Arts and Culture
Malonga Center Supporters Say Market-Rate Project May Cripple Cultural Institution
Nearly a month after City Council passed a resolution designating the 14th Street corridor in downtown Oakland as the Black Arts Movement Business District “to highlight, celebrate, preserve and support the contributions of Oakland’s Black artists and business owners,” one of the city’s main cultural institutions is being threatened by two proposals to build market-rate housing developments across the street.
The Malonga Casquelourd Center for the Arts, located at 14th and Alice St., has been a recognizable cultural institution in Oakland for over four decades and a central hub for communities of the African Diaspora.
The parking lots along 14th St., two of the only places where the Malonga Center’s patrons can park their cars when taking classes or attending cultural performances, are slated to be replaced by market-rate housing developments that will also mean the destruction of the iconic Alice Street Mural.
According to cultural activists and Malonga center neighbors, both of the development proposals were fast-tracked through the city’s Planning Commission and include no affordable housing units, no parking to replace the parking lots and little-to-no community benefits to offset the negative impacts on the Malonga Center.

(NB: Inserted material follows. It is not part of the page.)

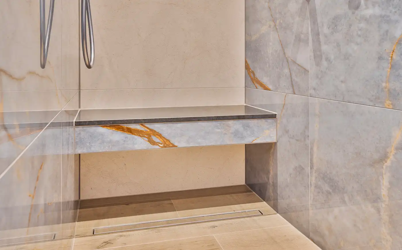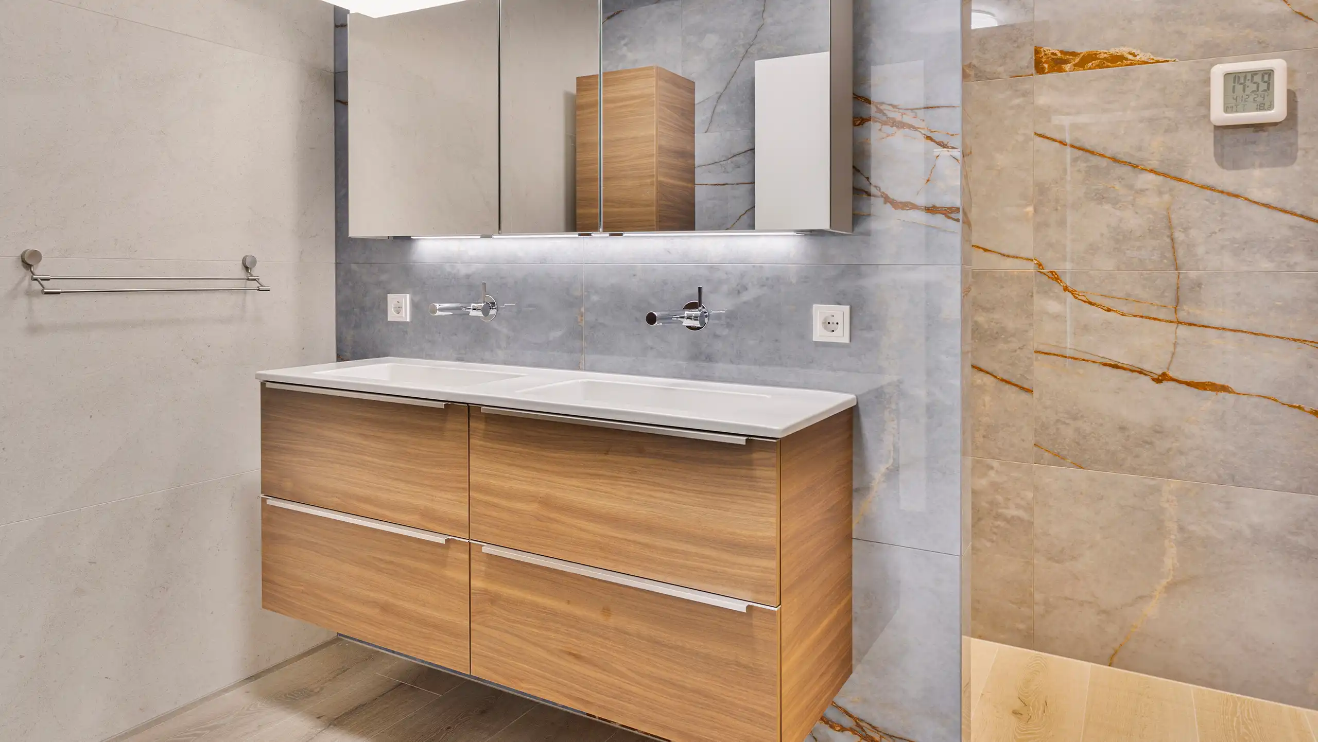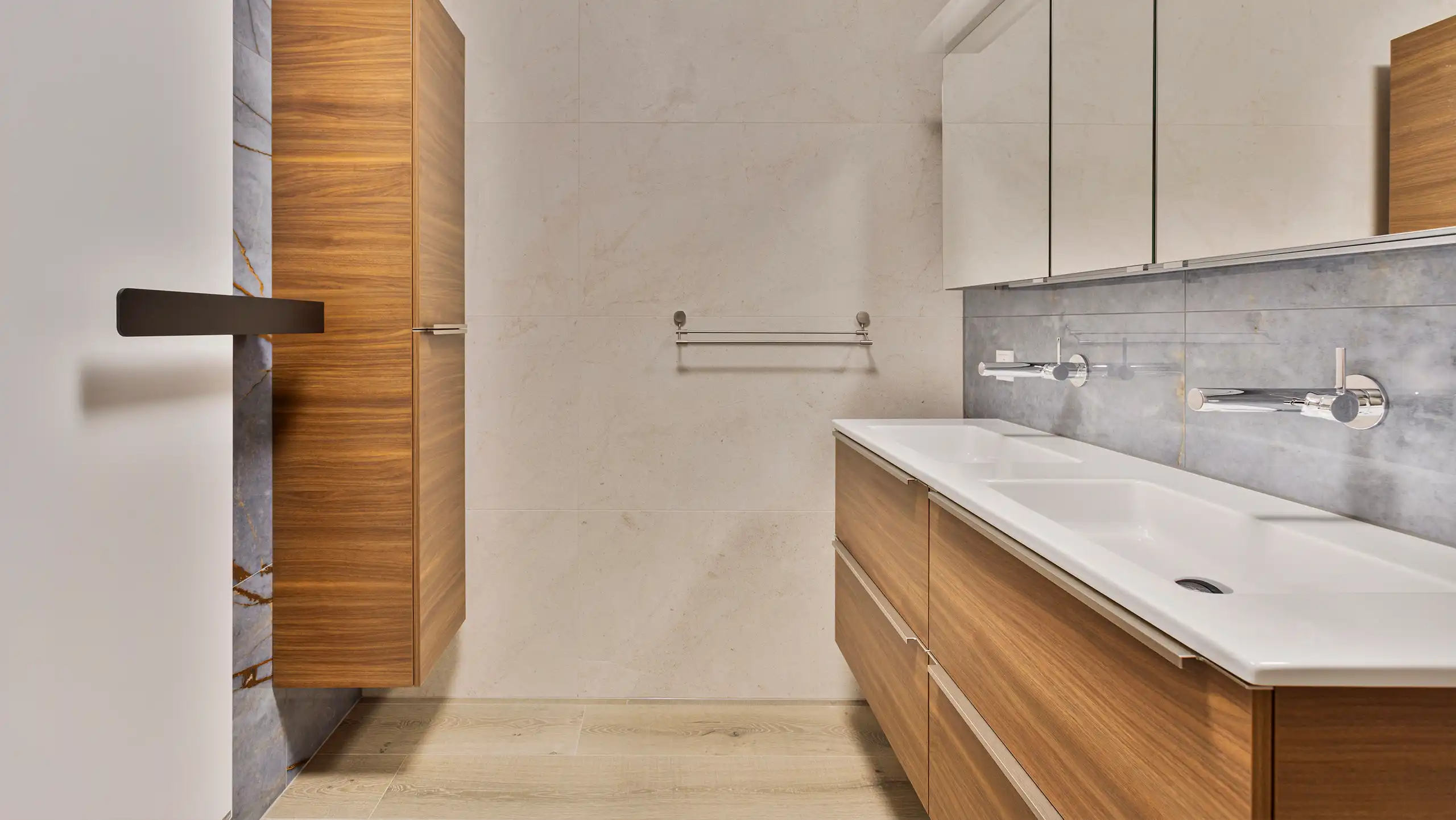 Deze stijlvolle badkamer kenmerkt zich door een rustige basis van beige en grijs in combinatie warme houten accenten. Het houten wastafelmeubel met geïntegreerde dubbele wastafel zorgt voor sfeer en balans, terwijl de lichte wanden en strakke lijnen het geheel een tijdloze uitstraling geven. In de ruime inloopdouche creëren de natuursteenlook tegels, comfortabele zitbank en ingetogen kranen een luxe sfeer waarin comfort en rust centraal staan.

Carla Service, owner of Dance-A-Vision Entertainment and longtime resident of the Malonga Center, says the project and lack of parking will be detrimental to the cultural institution and its neighbors.
“It’s going to choke our businesses, and they are going to be crippled,” said Service. “Over here, these businesses are in dire straights, and the city should make sure it takes care of people that already exist in neighborhoods, especially if development is coming in.”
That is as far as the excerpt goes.